Nigavekar helped establish the National Assessment and Accreditation Council (NAAC) body as the Founder Director. A. P. J. Kalam, the former President of India, dubbed him as the 'Father of Quality Education in India'.

==Early life==
Nigavekar studied in Pune and Uppsala in Sweden where he held SIDA Fellowship.. He was awarded the Dakshina Fellowship by Rajaram College in Kolhapur.

==Career==
Nigavekar helped advance the use of technology and internationalization of higher education. He highlighted the concept of Quality in Higher Education. He served as Vice Chancellor of University of Pune. He has 70 research publications to his credit.

He became a Professor in Materials Science in Pune University in 1977. He established the Center for Advanced Studies in Physics in Pune in 1980.

He served as Director of Educational Media Research Center and established Communication Science Department in Pune University in the 1990s.

He was Chairman and Vice Chairman of UGC (2000-2005). He helped formulate a strategy for higher education in the Tenth Plan of Government of India.

He was a visiting professor in University of York in U.K. and University of Western Ontario in Canada in the 1980s. He was a founding editor of Physics Educational Journal. He was a permanent member and was Vice-Chairman of Asian Physics Education Network, a UNESCO organization.
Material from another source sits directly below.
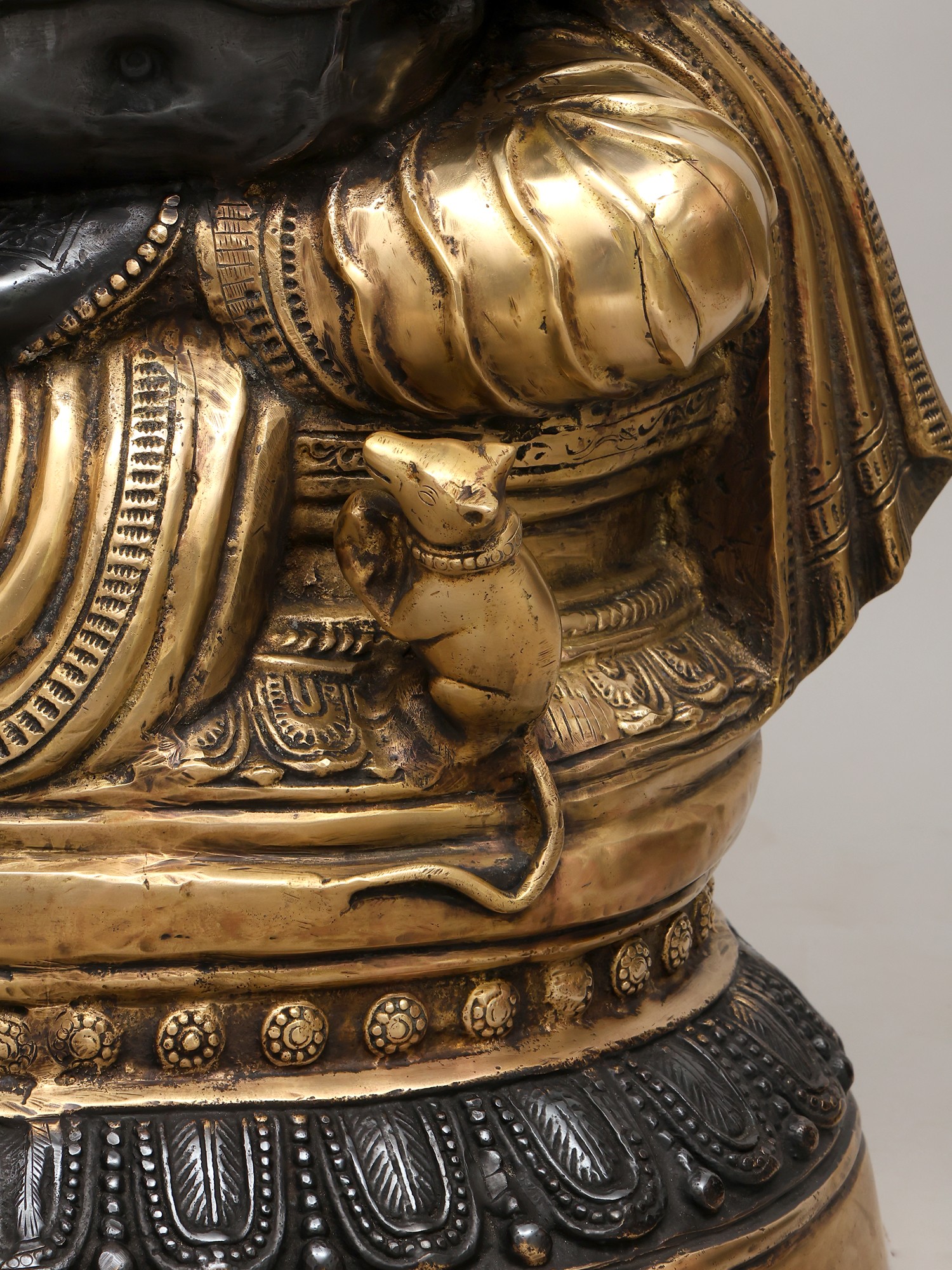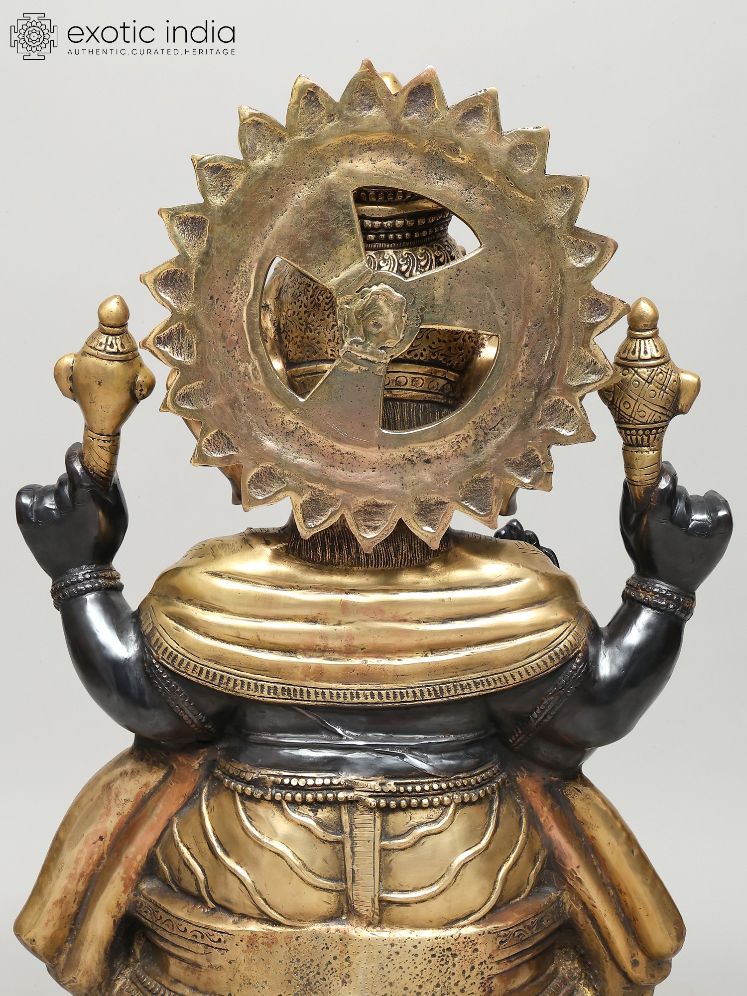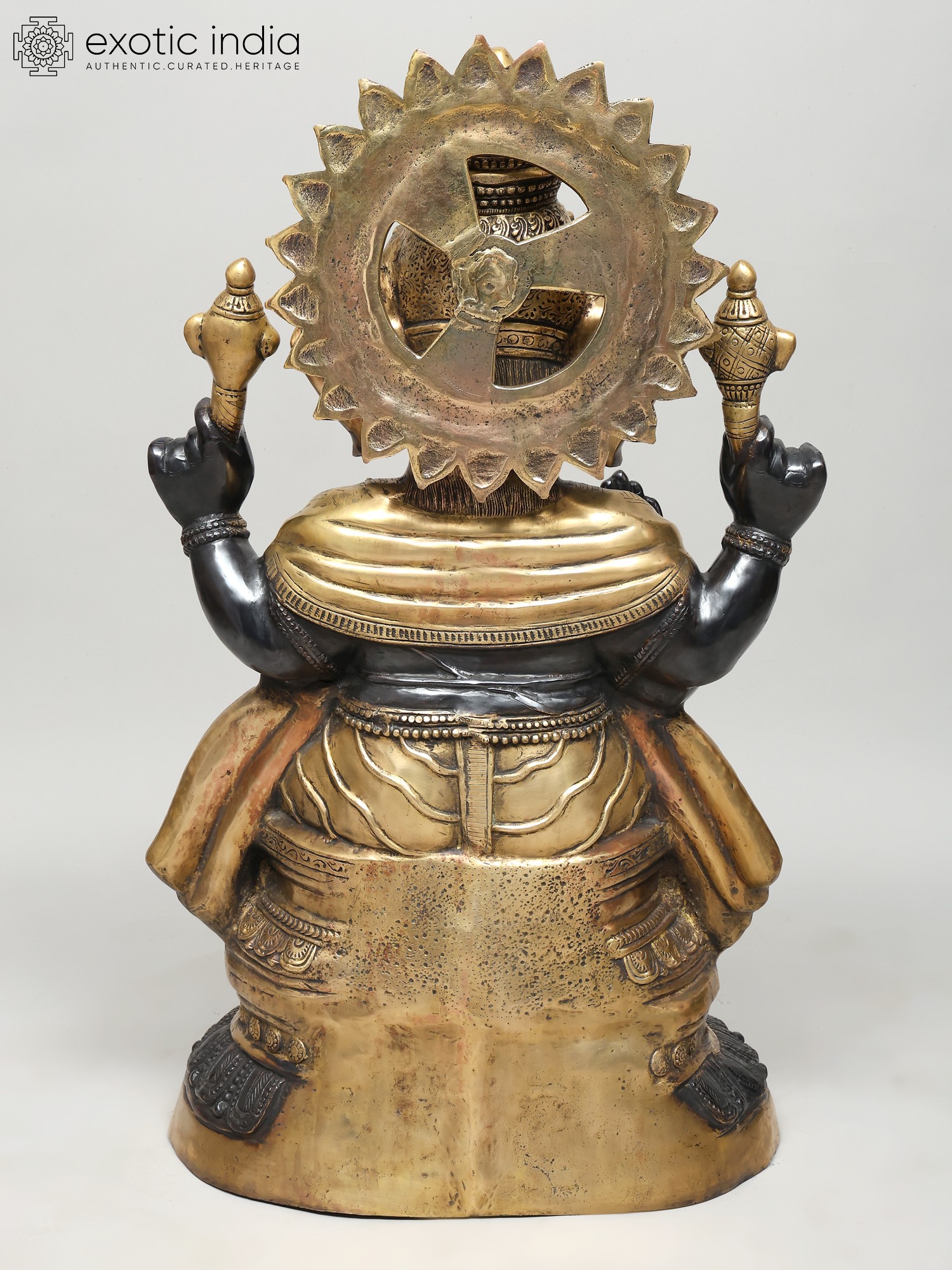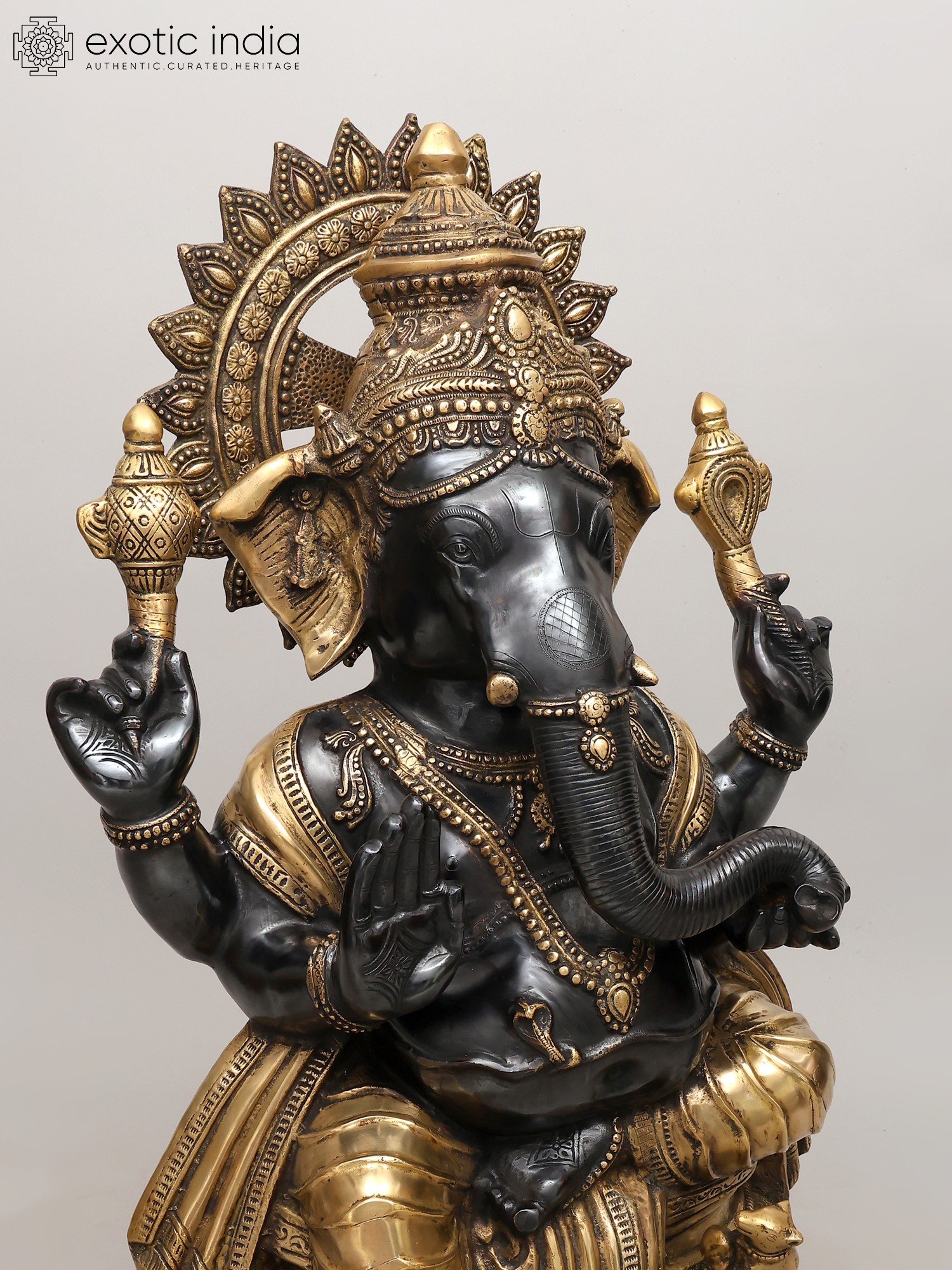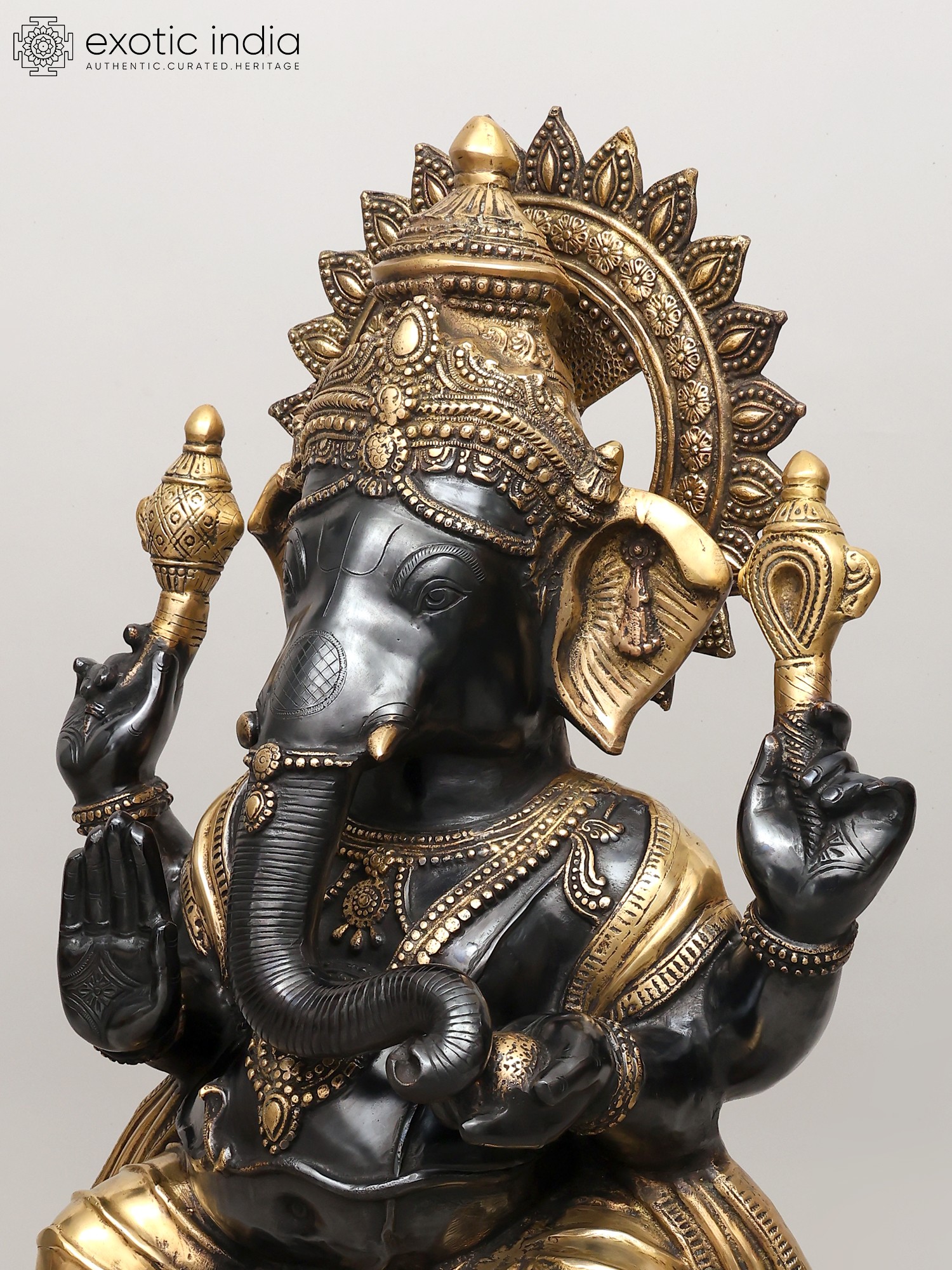 This statue, carved in the finest and the most characteristic details, blends two of the most auspicious manifestations of the iconography of Lord Ganesh, namely, the Varada and the Sankatahara.

He was a member of UGC from 1993-1996 and initiated reforms such as decentralization of UGC administration. He was a founding Director of National Assessment and Accreditation Council, an autonomous body of UGC. He developed instruments and methodology for judging quality in Indian higher education, which was endorsed by International Network for Quality Assuring Agencies in Higher Education (INQUAHE). He was a member of Distance Education Council and an adviser to Commonwealth of Learning in Canada.

==Recognition==
He was awarded Honorary Doctorates by Tilka Manjhi Bhagalpur University, Nagarjuna University, Guru Nanak Dev University, Jagadguru Rambhadracharya Handicapped University, University of Calicut and Potti Sreeramulu Telugu University.

He won the Phia Foundation Award, UNESCO honor, Swami Vivekanand Award, Advocate D R Nagakar Award, Shiromani Award and the Delhi Ratan Award.

Nigavekar appeared in the Financial Chronicle, Sakal (a Marathi newspaper), the Times of India and The Hindu.

He headed the committee of experts appointed by the Union Public Service Commission (UPSC) to review the existing structure of Civil Services (Main) examination and suggest necessary changes.

Nigavekar headed a committee created by the Maharashtra State Government to formulate and implement a holistic conservation plan for historic lake Lonar.